Eastern Connecticut Conference athletic directors and 2019 walk chairman Mike Buscetto have teamed to involve every school in the fundraising process. Each school in the ECC will select a home event in October and donate a portion of the gate proceeds to Safe Futures, while some individual schools will have athletic teams involved in the walk.

Moreover, all students at Clark Lane Middle School in Waterford have the opportunity to walk for free. Three local businesses will sponsor the Clark Lane kids: Sixth grade (Mallove's Jewelers); seventh grade (Filomena's); eighth grade (Benvenuti Oil).

Hundreds and hundreds of kids will be involved in this, all of whom will be better acquainted with Safe Futures and domestic violence. There's hardly a day now when a domestic violence story doesn't make the sports section. And now many of our kids will be taught practically — not electronically — about how our communities are affected.

Last year, Safe Futures worked with 7,053 clients from 21 towns, changing — and saving — countless lives.

Pretty good idea here to ask Buscetto to be this year's chairperson. He does persuasive better than Sinatra did "New York, New York." He knows everybody. And there's really never a time he's not willing to help people.

Mad props and bon mots here to the ECC as well. Often, ECC schools are defined by their differences in enrollment, demographics and geography. "Differences" are a popular narrative in general. This is a wonderful example of how "different" can still produce the concept of "together."

I'm not sure there's a more valuable lesson we can teach.

And not just to our kids.

Anyone who participates in the walk next month ought to spend some time in thought that day. Look around and experience what the concept of together looks and feels like. Sure beats the fear-based isolationism we see every night on the nitwit talk shows that disdain common-denominator information and instead just suit, service, reinforce and intensify their audiences' predispositions and prejudices.

Domestic violence has become a byproduct of a society that thrives on fear, self-indulgence and instability. We can all preach plenty about how it is never to be tolerated. And yet the stories in the papers and on television come forth without fail.

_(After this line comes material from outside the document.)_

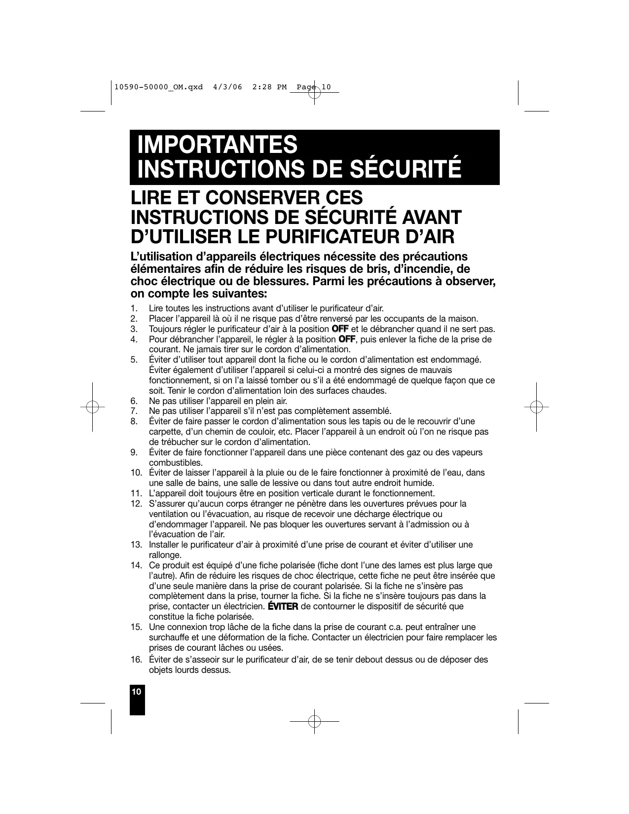 Lire toutes les instructions avant d’utiliser le purificateur d’air. Placer l’appareil là où il ne risque pas d’être renversé par les occupants de la maison. Toujours régler le purificateur d’air à la position OFF et le débrancher quand il ne sert pas. Pour débrancher l’appareil, le régler à la position OFF, puis enlever la fiche de la prise de courant. Ne jamais tirer sur le cordon d’alimentation. Éviter d’utiliser tout appareil dont la fiche ou le cordon d’alimentation est endommagé. Éviter également d’utiliser l’appareil si celui-ci a montré des signes de mauvais fonctionnement, si on l’a laissé tomber ou s’il a été endommagé de quelque façon que ce soit. Tenir le cordon d’alimentation loin des surfaces chaudes. Ne pas utiliser l’appareil en plein air. Ne pas utiliser l’appareil s’il n’est pas complètement assemblé. Éviter de faire passer le cordon d’alimentation sous les tapis ou de le recouvrir d’une carpette, d’un chemin de couloir, etc. Placer l’appareil à un endroit où l’on ne risque pas de trébucher sur le cordon d’alimentation. Éviter de faire fonctionner l’appareil dans une pièce contenant des gaz ou des vapeurs combustibles. Éviter de laisser l’appareil à la pluie ou de le faire fonctionner à proximité de l’eau, dans une salle de bains, une salle de lessive ou dans tout autre endroit humide. L’appareil doit toujours être en position verticale durant le fonctionnement. S’assurer qu’aucun corps étranger ne pénètre dans les ouvertures prévues pour la ventilation ou l’évacuation, au risque de recevoir une décharge électrique ou d’endommager l’appareil. Ne pas bloquer les ouvertures servant à l’admission ou à l’évacuation de l’air. Installer le purificateur d’air à proximité d’une prise de courant et éviter d’utiliser une rallonge. Ce produit est équipé d’une fiche polarisée (fiche dont l’une des lames est plus large que l’autre). Afin de réduire les risques de choc électrique, cette fiche ne peut être insérée que d’une seule manière dans la prise de courant polarisée. Si la fiche ne s’insère pas complètement dans la prise, tourner la fiche. Si la fiche ne s’insère toujours pas dans la prise, contacter un électricien. ÉVITER de contourner le dispositif de sécurité que constitue la fiche polarisée. Une connexion trop lâche de la fiche dans la prise de courant c.a. peut entraîner une surchauffe et une déformation de la fiche. Contacter un électricien pour faire remplacer les prises de courant lâches ou usées. Éviter de s’asseoir sur le purificateur d’air, de se tenir debout dessus ou de déposer des objets lourds dessus. 10590-50000_OM.qxd 4/3/06 2:28 PM Page 11

The event next month at Crystal Mall goes beyond the blather. It's visible support for the 7,053 clients that Safe Futures helped last year. It's a message of intolerance for intolerance. And our kids will be absorbing all of it.

That's humanity and educational leadership in its best form.

Pop into Filomena's for more info about the walk and event. Get there if you can Oct. 6. It's inside and air conditioned. More than 7,000 people will thank you.